In particolare, La Monica era accusato di non essersi ripresentato alle autorità militari al termine di un periodo di malattia «senza far pervenire alcuna comunicazione e comunque senza giusto motivo». Dal 15 febbraio 2011 al 13 giugno 2011 (data in cui il gip di Napoli ne aveva disposto l'arresto nell'ambito dell'indagine del pm Woodcock), La Monica non avrebbe dato informazioni di sé ai suoi superiori. Il giudice dell'udienza preliminare non ha condiviso però il ragionamento del pubblico ministero, sia perché «nel periodo in contestazione,l'imputato non era gravato da alcun obbligo di presentazione all'autorità militare» e sia perché l'«assenza dal servizio fu determinata da un giusto motivo di carattere sanitario» che lo aveva portato a essere collocato in aspettativa.
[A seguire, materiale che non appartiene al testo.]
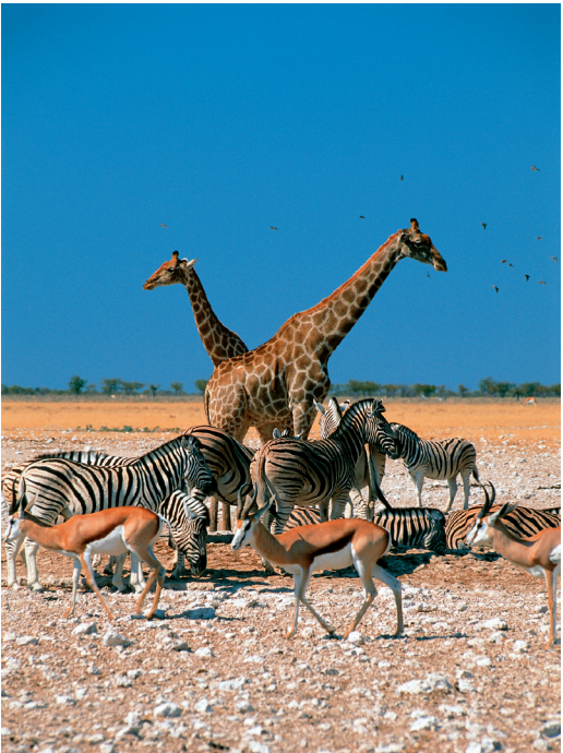
Tarangire National Park teems with diverse wildlife.

Day 10: Serengeti We embark on more game drives today. We have the chance to see some – or all – of Africa’s “Big Five:” lion, Cape buffalo, elephant, rhino, and leopard, along with wildebeest, zebra, eland, gazelle, and other plains animals, and some 500 species of birds. B,L,D

Né può essere dimostrato che la malattia di La Monica sia frutto di simulazione, o di un accordo con i camici bianchi. Dal 13 giugno 2011, La Monica è sospeso dal servizio perché raggiunto da un ordine di carcerazione (successivamente annullato) come appartenente alla presunta associazione per delinquere denominata «P4».
Una affiliazione che i pm gli hanno attribuito per via dei contatti telefonici con il solo Papa, ma che la Cassazione e il tribunale del Riesame hanno bocciato. Sostanzialmente perché, a differenza di quanto ipotizzato dalla Procura, manca lo «stabile apparato organizzativo autonomo e indipendente» proprio di un'associazione per delinquere.
Quanto all'accusa di aver fatto pressione sull'imprenditore De Martino ( socio di Bisignani) perché rinunciasse a rivolgersi alla magistratura, i giudici del Riesame sono stati ancor più tranchant : le ipotesi accusatorie «non superano la soglia della congettura» non spiegando quale interesse potesse avere un maresciallo del Ros a risparmiare a Trenitalia una denuncia.
E, a proposito del teste iniziale dell'inchiesta, i giudici vanno anche oltre e bacchettano la Procura «in ordine alla genuinità della ricostruzione dei fatti offerta da De Martino, palesemente sollecitato a ricordare condotte induttive degli indagati, alle quali l'imprenditore non aveva mai fatto cenno in precedenza». Un aiutino mnemonico che i giudici non hanno granché gradito.